Glomerular Filtration Rate

Introduction

The glomerular filtration rate or GFR is the amount of fluid filtered from the capillaries into the Bowmans capsule per unit time. The GFR can be expressed as the following formula:

GFR = K_f x net filtration pressure

K_f = the filtration coefficent

K_f can furthermore be expressed by the following formula

K_f = membrane permeability x filtration area

The GFR is practically proportional to metabolic body mass. Therefore the bigger the animal the greater the GFR.

Regulation of the GFR

The following formula helps us to understand GFR and how various factors affect it. Whilst reading this article you may find it useful to refer back to it:

Q = (PA - PE) ÷ R

Q = Flow, PA = Pressure in afferent arteriole, PE = Pressure in efferent arteriole, R = Resistance

There are two major forces opposing GFR. These are the hydrostatic pressure in the Bowmans space and the plasma protein osmotic pressure. These are not under physiological control. The filtration coefficient is also beyond the realms of physiological control. On the other hand the hydrostatic pressure in the capillaries and the renal blood flow are under physiological regulation and adjust filtration according to the bodies needs.
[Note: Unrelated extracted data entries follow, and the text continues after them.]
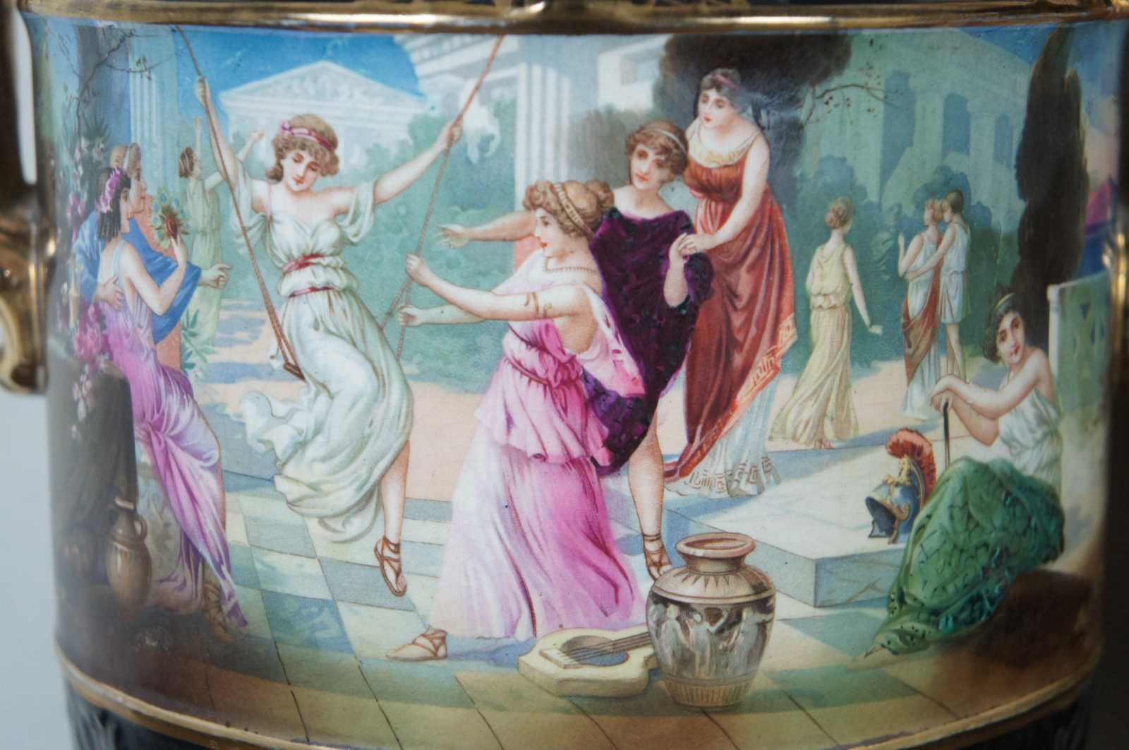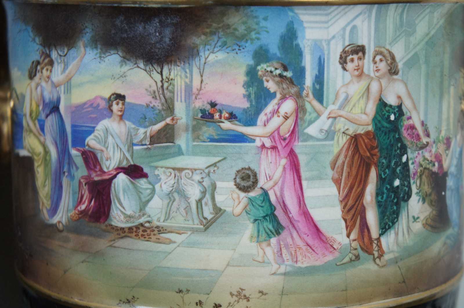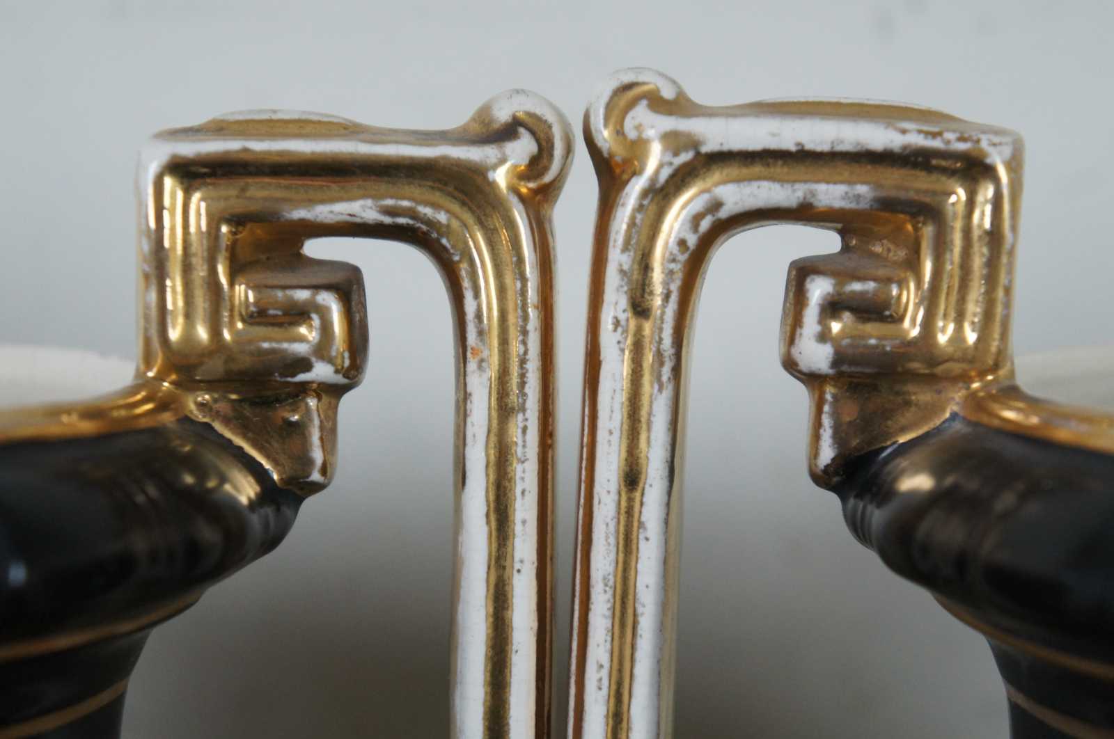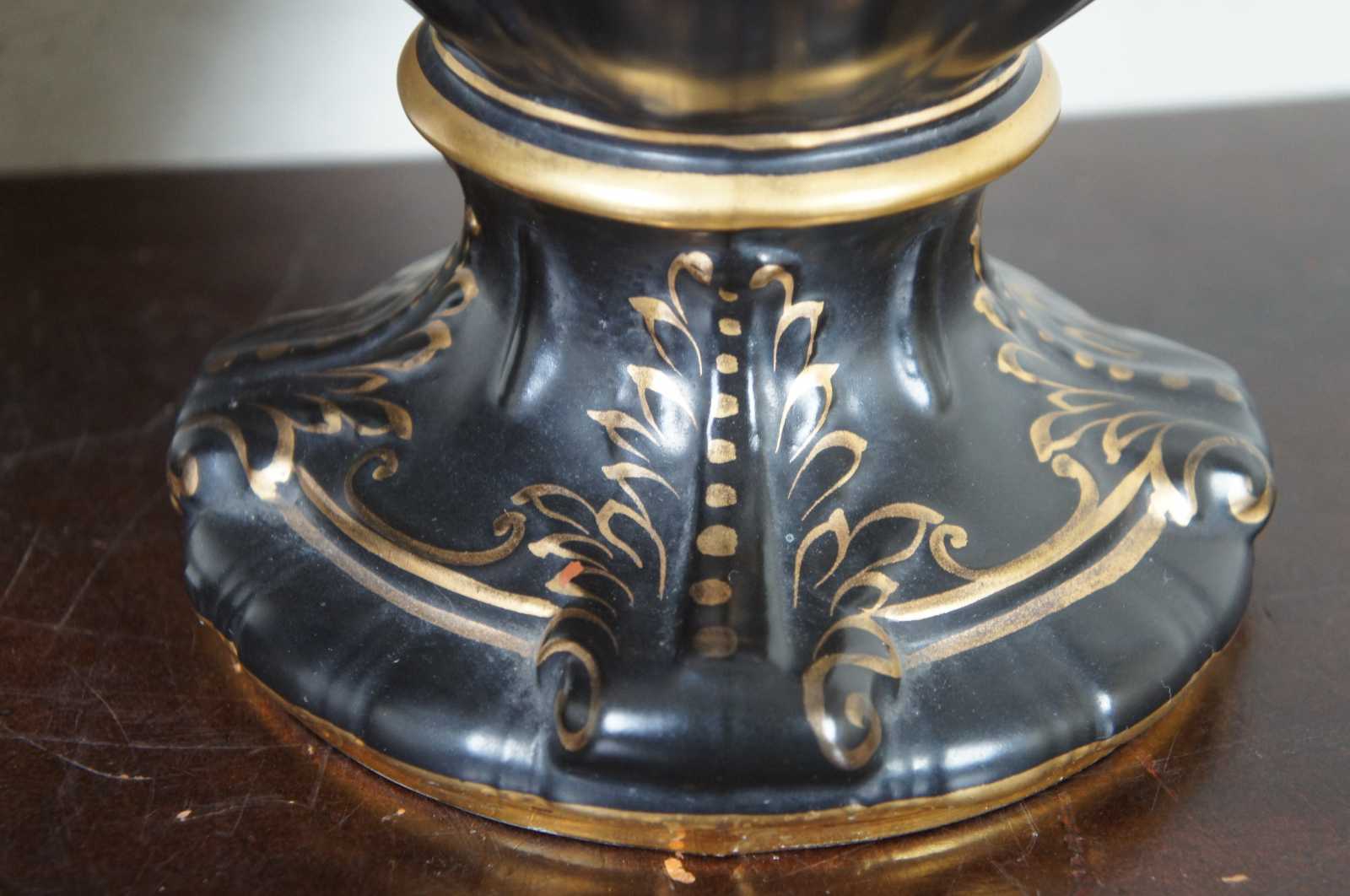 Two black porcelain mantel vases in the shape of Grecian urns with Greek key handles, acanthus leaves, gold accents and idyllic scenes of figures, signed Lesoir. Made in England.
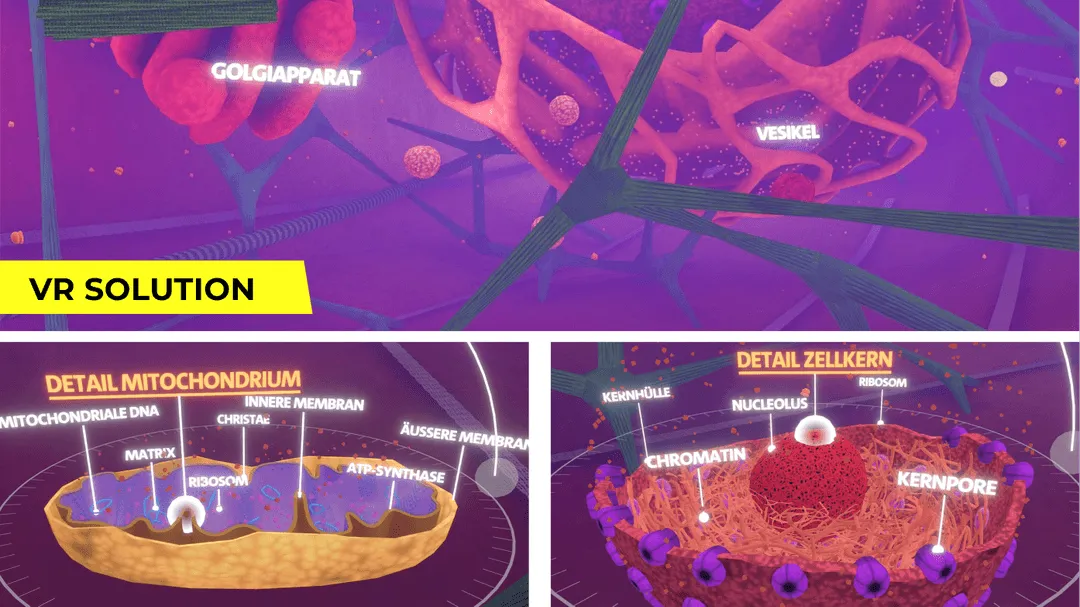 Embark on a virtual journey inside a living cell - virtual reality makes it possible! Move through the cell and look around, there is a lot to discover: The cell nucleus, which contains the genetic material, the mitochondria, which are the power plants of the cell and provide energy, the Golgi apparatus and many other components of the cell can be virtually cut and closely examined in an examination sphere. The inside of a cell is like a small cosmos full of fascinating surprises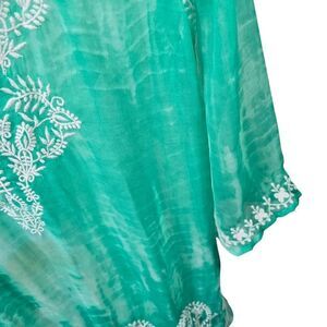 This elegant green Beach cover up features intricate embroidery that adds a touch of sophistication to your look. Its flowing design ensures comfort and style, making it perfect for both casual outings and special occasions.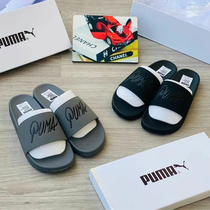 Découvrez les slides PUMA pour hommes, parfaits pour l'été. Conçus pour le confort, disponibles en noir et gris. Livrés avec boîte originale PUMA.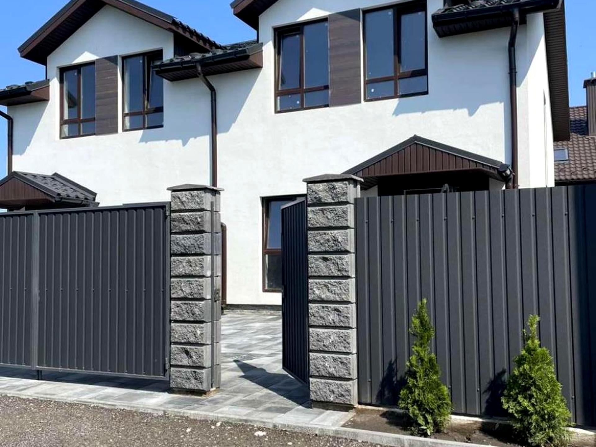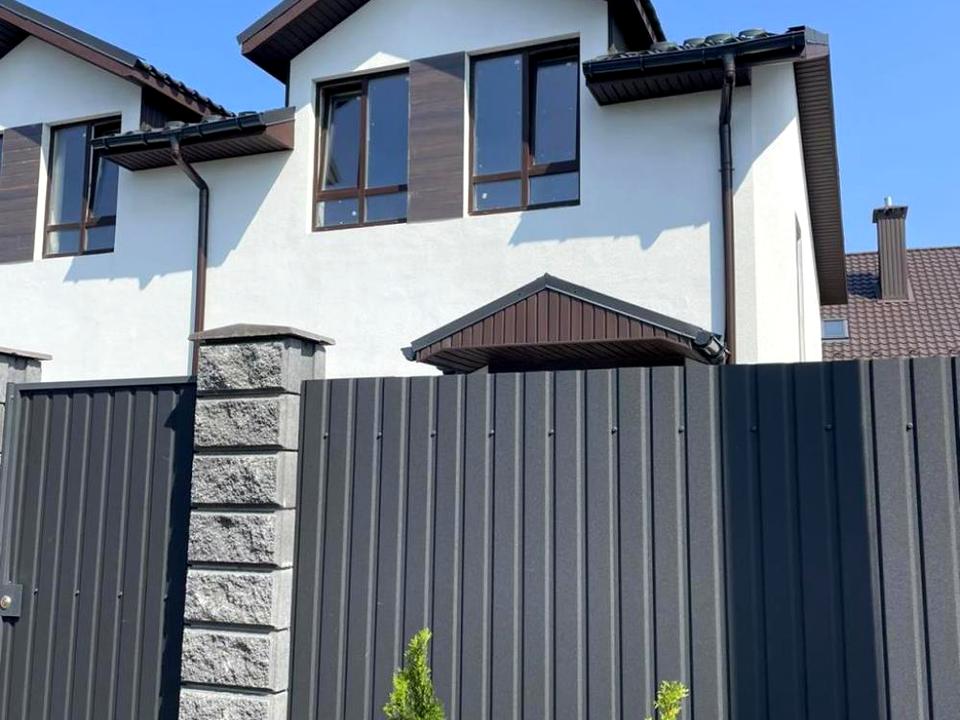 Паркан - профнастил кольору графіт.

Regulation of Renal Blood Flow and Capillary Hydrostatic Pressure

These two factors are determined by the arterial blood pressure coupled with the contraction of both the afferent and efferent arterioles. The total resistance of the afferent and efferent arterioles, which is determined by the contraction of them, determines the renal blood flow and any particular arterial pressure. Therefore it is important that they change with arterial pressure in order to maintain a steady renal blood flow.

Constriction of the Afferent and Efferent Arterioles

Normally the afferent arteriole is of larger diameter than the efferent. This means there is high resistance as the blood is forced from a wider vessel to a narrower one and this promotes filtration. If the arterial blood pressure remains constant then contracting either vessel reduces blood flow as it increases resistance. However contracting either has opposite effects on the filtration pressure. If you contract the afferent arteriole there will be less of a pressure difference between the afferent and efferent arteriole so there will be reduced filtration pressure. However if you constrict the efferent arteriole you are increasing the pressure difference between the two and filtration pressure increase.

Overall the constriction of the afferent arteriole decreases both blood flow and filtration pressure where as constricting the efferent arteriole decreases blood flow but increases filtration pressure. (Both of these statements are assuming a constant blood pressure). The fact that both can be altered allows independent regulation of both GFR and blood flow.